MESSAGGIO EVANGELICO E ANNO SACERDOTALE (2009-2010). Ai sacerdoti e ai religiosi che hanno abusato dei ragazzi, invece di dire "abbiamo", "noi", "dobbiamo", "abbiamo", Papa Ratzinger scrive: "Avete tradito la fiducia riposta in voi da giovani innocenti e dai loro genitori. Dovete rispondere di cị davanti a Dio onnipotente, come pure davanti a tribunali debitamente costituiti. Avete perso la stima della gente" (Lettera, pf. 7)!!!
UNA CRISI DELL'INTERO ORDINE SACERDOTALE E UNA "LETTERA PASTORALE" CHE PRENDE CON POCO CORAGGIO E MOLTA FURBIZIA (COME "TRADIZIONE" COMANDA) LE DISTANZE DA CRIMINI ABNORMI E DAL LAVORO DI INSABBIAMENTO ISTITUZIONALE. Una breve rassegna stampa sulle reazioni

Il Papa si sente «tradito». Ma non si scusa per le violenze. Le gerarchie ecclesiastiche approvano, ma le le associazione delle vittime chiedono anche una condanna dell'insabbiamento. In Germania, nuove accuse a Ratzinger e Zollitsch. Abusi anche in Italia. Per i preti pedofili saremmo secondi solo al Belgio e all’Irlanda


a cura di Federico La Sala

 

 
Presentata ieri la «lettera pastorale» di Benedetto XVI alle vittime dei preti pedofili in Irlanda, ai colpevoli e ai loro vescovi. Conferma «tolleranza zero» e piena collaborazione della Chiesa con la magistratura.

Il Papa si sente «tradito». Ma non si scusa per le violenze



La lettera: I colpevoli rispondano a Dio e ai tribunali.
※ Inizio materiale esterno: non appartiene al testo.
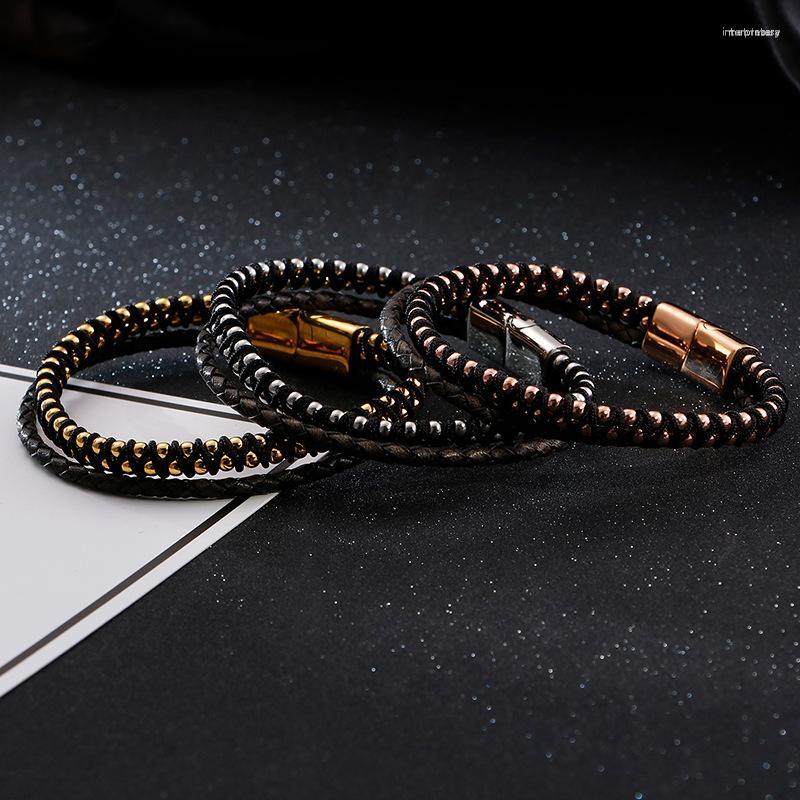 Link Bracelets Leather Rope Ball Men's Double Stainless Steel Braided Bracelet Hand-made Multilayer Jewelry
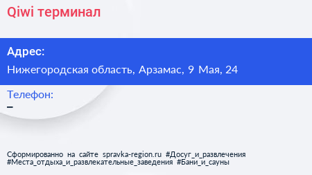 Qiwi, терминал по адресу Нижегородская область, Арзамас, 9 Мая, 24 в дальнейшем Организация, размещена в следующих категориях:
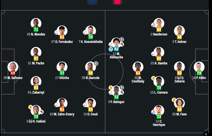 აღსანიშნავია, რომ ამ მატჩში ხვიჩა კვარაცხელიამ მოედანზე 60 წუთი გაატარა და 7.0 შეფასება მიიღო.
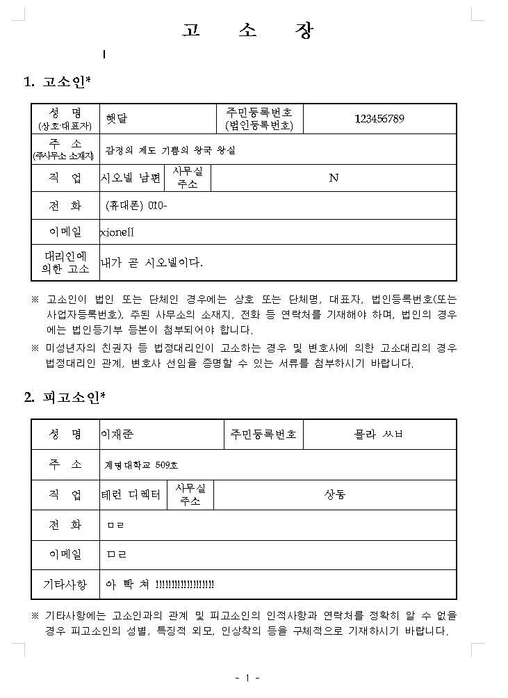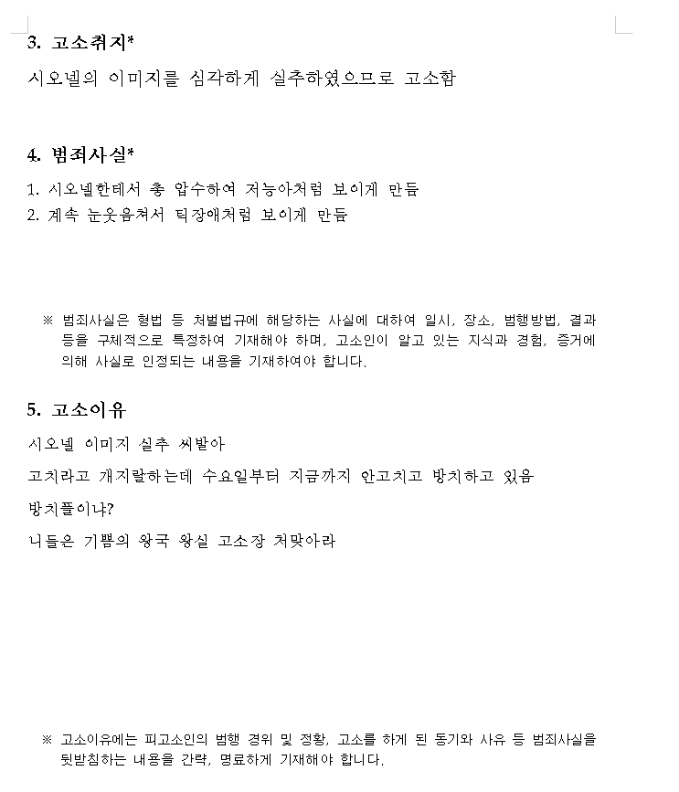 고소장에 다 적진 않았지만, 총이 없어서 시오넬의 손가락이 마치 특정 사상을 연상케 하고 있고,
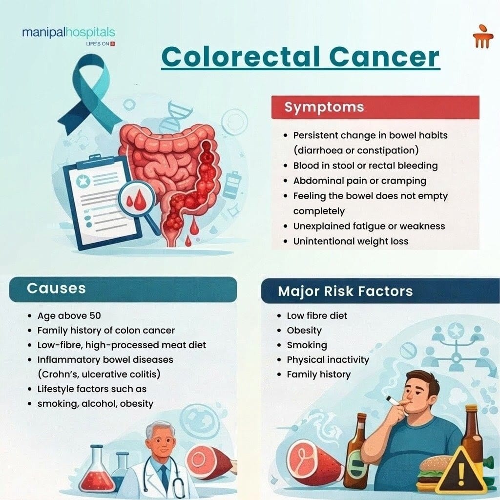 Digestive health changes can sometimes be subtle, yet they may signal underlying issues that require attention. Recognising the early symptoms of colorectal cancer, understanding what is colorectal cancer, and learning about common colorectal cancer causes can help individuals seek medical care at the right time. Fortunately, advances in screening, diagnosis, and colorectal cancer treatment have made this condition far more manageable when detected early. If you notice unusual or persistent digestive changes, Consult with the best cancer care hospital in Hebbal, Bangalore is the safest step toward protecting your health.
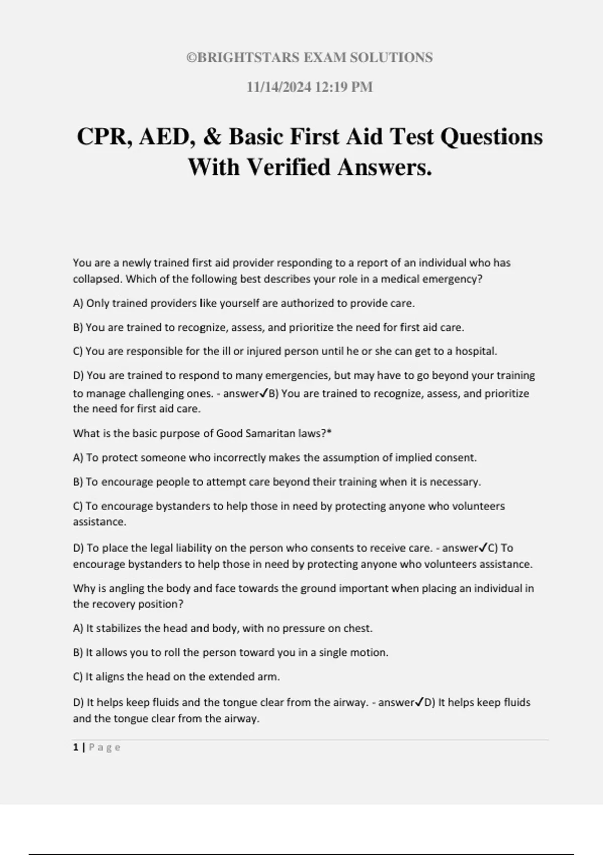 ©BRIGHTSTARS EXAM SOLUTIONS 11/14/2024 12:19 PM 1 | P a g e CPR, AED, & Basic First Aid Test Questions With Verified Answers. You are a newly trained first aid provider responding to a report of an individual who has collapsed. Which of the following best describes your role in a medical emergency? A) Only trained providers like yourself are authorized to provide care. B) You are trained to recognize, assess, and prioritize the need for first aid care. C) You are responsible for the ill or injured person until he or she can get to a hospital. D) You are trained to respond to many emergencies, but may have to go beyond your training to manage challenging ones. - answerB) You are trained to recognize, assess, and prioritize the need for first aid care. What is the basic purpose of Good Samaritan laws?* A) To protect someone who incorrectly makes the assumption of implied consent. B) To encourage people to attempt care beyond their training when it is necessary. C) To encourage bystanders to help those in need by protecting anyone who volunteers assistance. D) To place the legal liability on the person who consents to receive care. - answerC) To encourage bystanders to help those in need by protecting anyone who volunteers assistance. Why is angling the body and face towards the ground important when placing an individual in the recovery position? A) It stabilizes the head and body, with no pressure on chest. B) It allows you to roll the person toward you in a single motion. C) It aligns the head on the extended arm. D) It helps keep fluids and the tongue clear from the airway. - answerD) It helps keep fluids and the tongue clear from the airway. ©BRIGHT

Padre Lombardi: gesto inusuale
Benedetto XVI incontrerà le vittime: «Nulla cancellerà il vostro dolore»



di Roberto Monteforte (l’Unità, 21.03.2010)

«Non posso che condividere lo sgomento e il senso di tradimento che molti di voi hanno sperimentato al venire a conoscenza di questi atti peccaminosi e criminali e del modo con cui le autorità della Chiesa in Irlanda li hanno affrontati». È con questa presa di posizione, netta e senza equivoci, che papa Benedetto XVI si rivolge alle vittime di abusi sessuali da parte del clero nella sua «lettera apostolica» indirizzata a tutti i cattolici del paese cattolico, in primo luogo alle vittime e alle loro famiglie, ma anche ai sacerdoti colpevoli, ai vescovi, ai giovani, al clero «incolpevole». L’atteso documento è stato ieri presentato dal direttore della Sala Stampa, padre Federico Lombardi. È una lettera indirizzata all’Irlanda, che tiene conto delle specificità di quella situazione, che è solo «un primo passo» di un cammino non semplice di assunzione i responsabilità e di recupero di credibilità di quella Chiesa e di quell’episcopato, ma che per alcune indicazioni può avere anche un valore più generale. Soprattutto per l’invito rivolto ai colpevoli.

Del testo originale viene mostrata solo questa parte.